Cluster member won’t start after upgrade

klim8d · July 21, 2023, 5:18pm

Upgraded from 4.10 (non-snap) to latest snap version (5.15).

Cluster consists of four nodes, did the following steps on three of them and everything went fine:

snap install lxd
lxd.migrate

Three nodes are now waiting for the last node, however lxd won’t start on the fourth.

Did the same steps but something must have failed and now lxd won’t start on the last node.
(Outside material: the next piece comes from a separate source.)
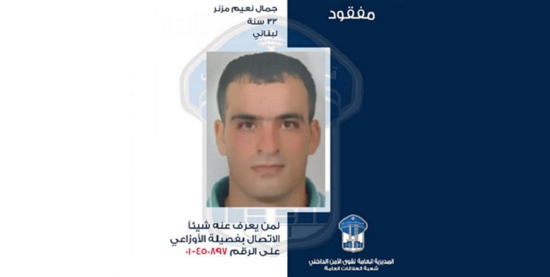 عممت المديرية العامّة لقوى الأمن الداخلي، بناءً على إشارة القضاء المختصّ صورة المفقود: جمال نعيم مزنر (مواليد عام 1990، لبناني)، الذي غادر منزله الكائن في محلّة الجناح بتاريخ 15/03/2023، ولم يعُد لغاية تاريخه.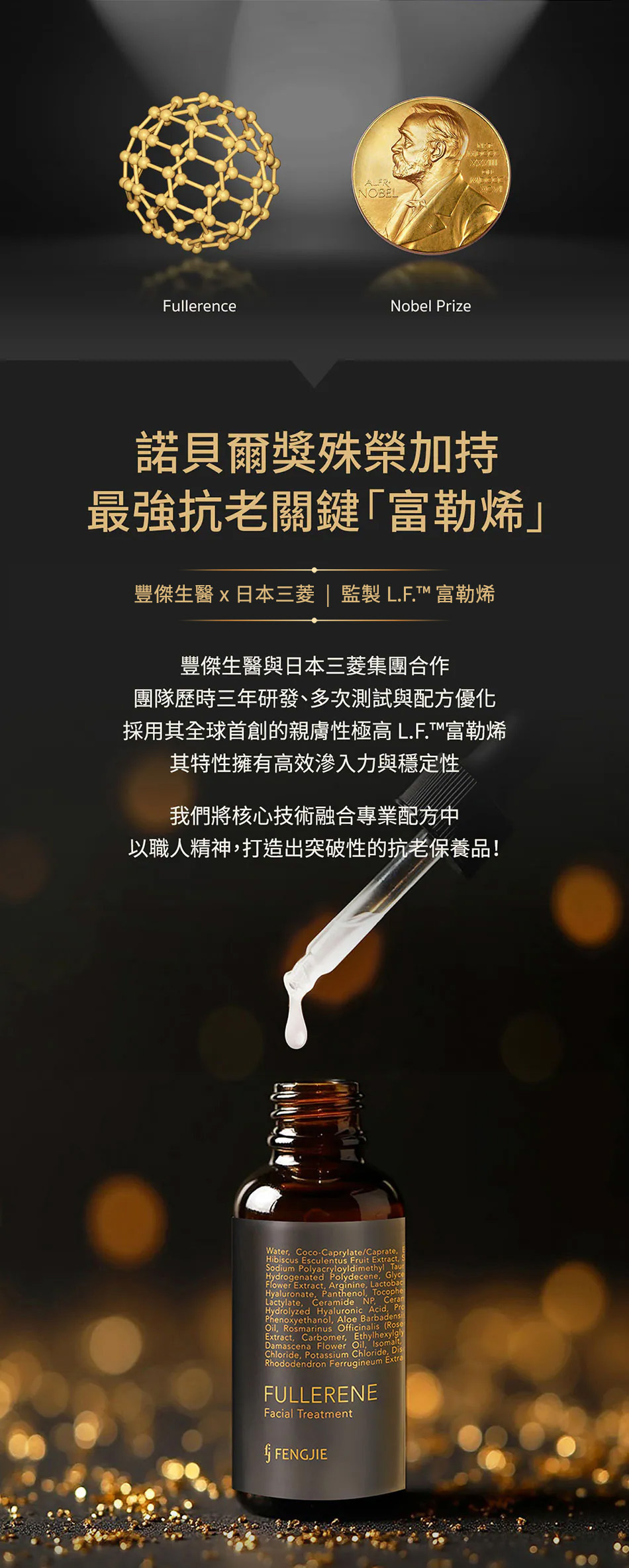 榮獲諾貝爾抗老原料富勒烯【市面最高濃度添加】,搭配獨家特殊培育玫瑰精華、雙倍高濃度水立方透明質酸精準深入肌底。

output from lxd --debug --group lxd

INFO[07-21|18:50:50] LXD 4.10 is starting in normal mode      path=/var/lib/lxd
INFO[07-21|18:50:50] Kernel uid/gid map:
INFO[07-21|18:50:50]  - u 0 0 4294967295
INFO[07-21|18:50:50]  - g 0 0 4294967295
INFO[07-21|18:50:50] Configured LXD uid/gid map:
INFO[07-21|18:50:50]  - u 0 1000000 65536
INFO[07-21|18:50:50]  - g 0 1000000 65536
INFO[07-21|18:50:50] Kernel features:
INFO[07-21|18:50:50]  - closing multiple file descriptors efficiently: yes
INFO[07-21|18:50:50]  - netnsid-based network retrieval: yes
INFO[07-21|18:50:50]  - pidfds: yes
INFO[07-21|18:50:50]  - uevent injection: yes
INFO[07-21|18:50:50]  - seccomp listener: yes
INFO[07-21|18:50:50]  - seccomp listener continue syscalls: yes
INFO[07-21|18:50:50]  - seccomp listener add file descriptors: yes
INFO[07-21|18:50:50]  - attach to namespaces via pidfds: yes
INFO[07-21|18:50:50]  - safe native terminal allocation : yes
INFO[07-21|18:50:50]  - unprivileged file capabilities: yes
INFO[07-21|18:50:50]  - cgroup layout: hybrid
WARN[07-21|18:50:50]  - Couldn't find the CGroup blkio.weight, disk priority will be ignored
INFO[07-21|18:50:50]  - shiftfs support: yes
INFO[07-21|18:50:50] Initializing local database
DBUG[07-21|18:50:50] Initializing database gateway
DBUG[07-21|18:50:50] Start database node                      role=voter id=6 address=10.0.0.3:8443
INFO[07-21|18:50:50] Starting cluster handler:
INFO[07-21|18:50:50] Starting /dev/lxd handler:
INFO[07-21|18:50:50]  - binding devlxd socket                 socket=/var/lib/lxd/devlxd/sock
INFO[07-21|18:50:50] REST API daemon:
INFO[07-21|18:50:50]  - binding Unix socket                   socket=/var/lib/lxd/unix.socket
INFO[07-21|18:50:50]  - binding TCP socket                    socket=10.0.0.3:8443
INFO[07-21|18:50:50] Initializing global database
DBUG[07-21|18:50:50] Dqlite: attempt 0: server 10.0.0.1:8443: connected
DBUG[07-21|18:50:50] Database error: &errors.errorString{s:"this node's version is behind, please upgrade"}
EROR[07-21|18:50:50] Failed to start the daemon: failed to open cluster database: failed to ensure schema: this node's version is behind, please upgrade
INFO[07-21|18:50:50] Starting shutdown sequence
INFO[07-21|18:50:50] Stop database gateway
INFO[07-21|18:50:50] Stopping REST API handler:
INFO[07-21|18:50:50]  - closing socket                        socket=10.0.0.3:8443
INFO[07-21|18:50:50]  - closing socket                        socket=/var/lib/lxd/unix.socket
INFO[07-21|18:50:50] Stopping /dev/lxd handler:
INFO[07-21|18:50:50]  - closing socket                        socket=/var/lib/lxd/devlxd/sock
DBUG[07-21|18:50:50] Not unmounting temporary filesystems (containers are still running)
Error: failed to open cluster database: failed to ensure schema: this node's version is behind, please upgrade

tomp · July 23, 2023, 3:57pm

Are you able to restore a backup back to lxd 4.0 so you can switch to the snap lxd 4.0 version first before upgrading to 5.0.x or 5.x?

klim8d · July 23, 2023, 4:15pm

Unfortunately I did not take a backup of /var/lib/lxd before I ran lxd.migrate. Well lessons learned till future migrations.
Tried copying the lxd directory from where snap had migrated the files to and renamed the database.pre-migration folder to database - this just made things worse.

So I ended up doing manual recovery of the cluster, luckily I had must configurations in git and I were able to recover my containers that has ceph as a storage-backend with lxd recover.
Others using LVM, was old and dirty lvchange to activate LV and copy the files to a new container with rsync.